● EXERCISE BRIEF
Below are records; extract exactly the lines from the one with "El Auditorio Municipal" through the final line, including both, but drop the pictures.

(Dataset entries)
##############################

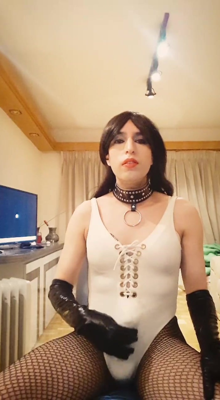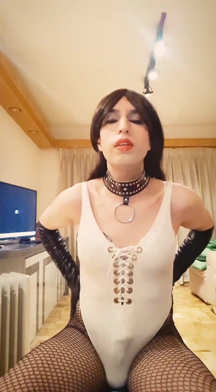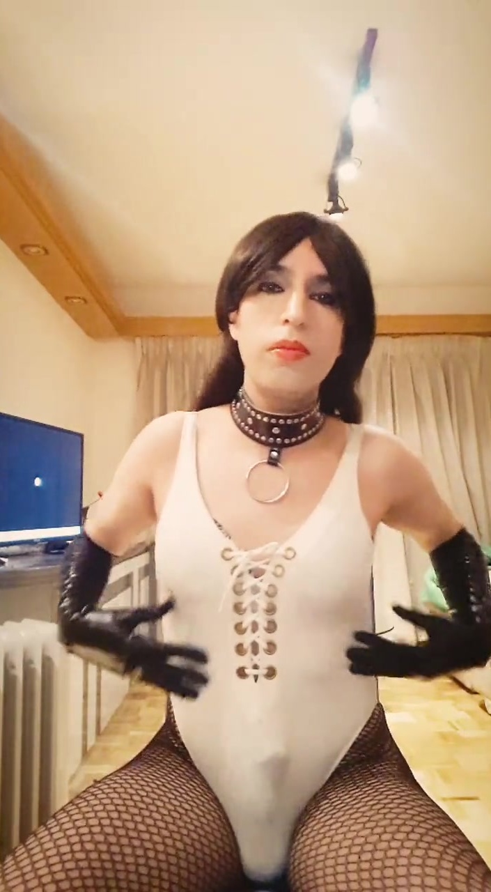 Sissy crossdresser in white swimsuit masturbates thinking about dominant males, wanting to get one or more to subdue her and expose her like a real sissy cocksucker. She is so excited thinking in that
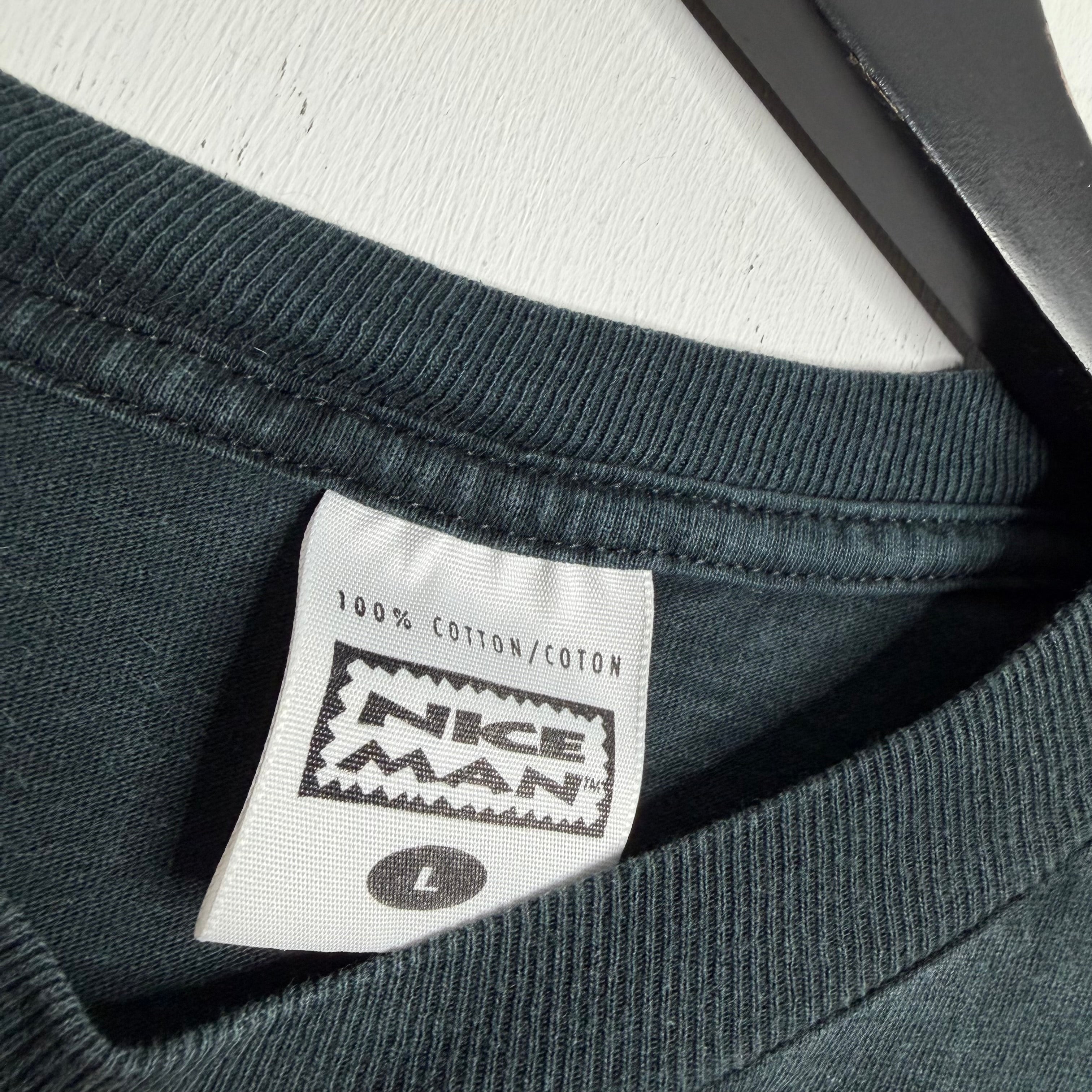 For the stash's top shelf.. 22.5" armpit to armpit, 30" top of back collar to bottom. Nice Man says L, fits XL. 100% cotton. Made in the USA.
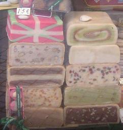 Keywords: Mazapán vasco.jpg en Beautiful coloured marzipans in North Euskadi including one in the form of the Basque flag ca Al País Basc nord es vénen unes barretes petites de 10 a 15 cm de llarg i 1 cm de fruix de massapà tenyit en colors diversos Es produeixen durant tot l'any i són considerades una de les especialitats de la regió De vegades estan decorades amb alguns trossos de fruita seca o confitada Li'n diuen touron el que fa que molts francesos pensin que això és el torró alicantí i que es menja com a postres tot l'any De fet ells els vénen sobretot als turistes francesos que hi van al juliol i a l'agost i el model amb més sortida és el de la bandera basca Aquesta foto està presa a l'agost a Biarritz fr Pâte à massepain paintée et vendu comme torró or turrón aux touristes français own Slastic 2009-08 Food of the Basque Country Marzipan |
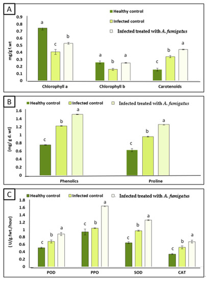Effect of A. fumigatus on (A) photosynthetic pigments (chlorophyll a, chlorophyll b and carotenoids) (mg/g fresh weight), (B) phenolics, proline (mg/g dry weight) and antioxidant enzymes (C) activity (POD, PPO, SOD, and CAT) (unit/g fresh weight/hour). Data are expressed as means ± standard deviations of triplicate assays. The different alphabetic superscripts in each item are significantly different (p < 0.05).
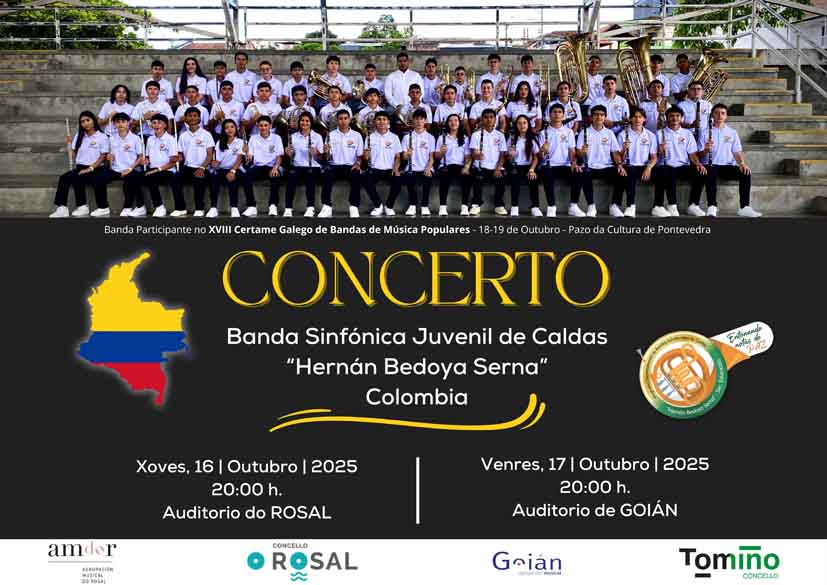 El Auditorio Municipal de O Rosal acoge este jueves 16 de octubre, a las 20:00 horas, un concierto gratuito de la Banda Sinfónica Juvenil de Caldas -Hernán Bedoya Serna-, procedente de Colombia y dirigida por Juan Sebastián Velasco Serna.
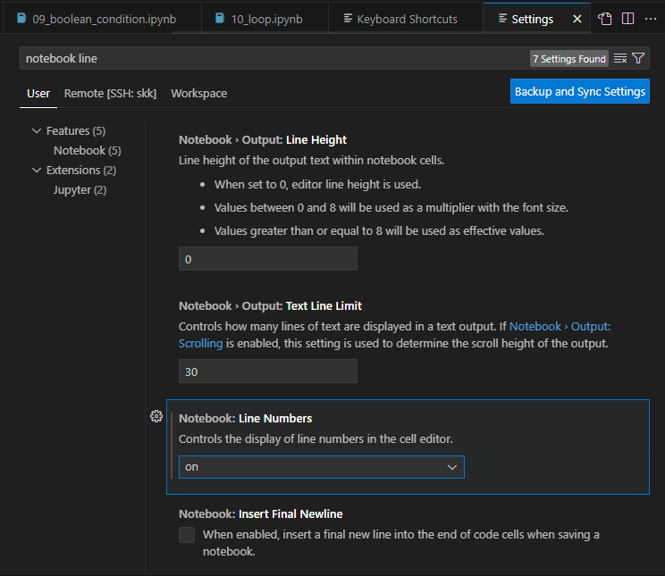 *Ctrl + , 하면 Settings 뜨고 Line Numbers를 켜면 라인 넘버를 볼 수 있다.

##############################

● SOLUTION BELOW
 El Auditorio Municipal de O Rosal acoge este jueves 16 de octubre, a las 20:00 horas, un concierto gratuito de la Banda Sinfónica Juvenil de Caldas -Hernán Bedoya Serna-, procedente de Colombia y dirigida por Juan Sebastián Velasco Serna.
 *Ctrl + , 하면 Settings 뜨고 Line Numbers를 켜면 라인 넘버를 볼 수 있다.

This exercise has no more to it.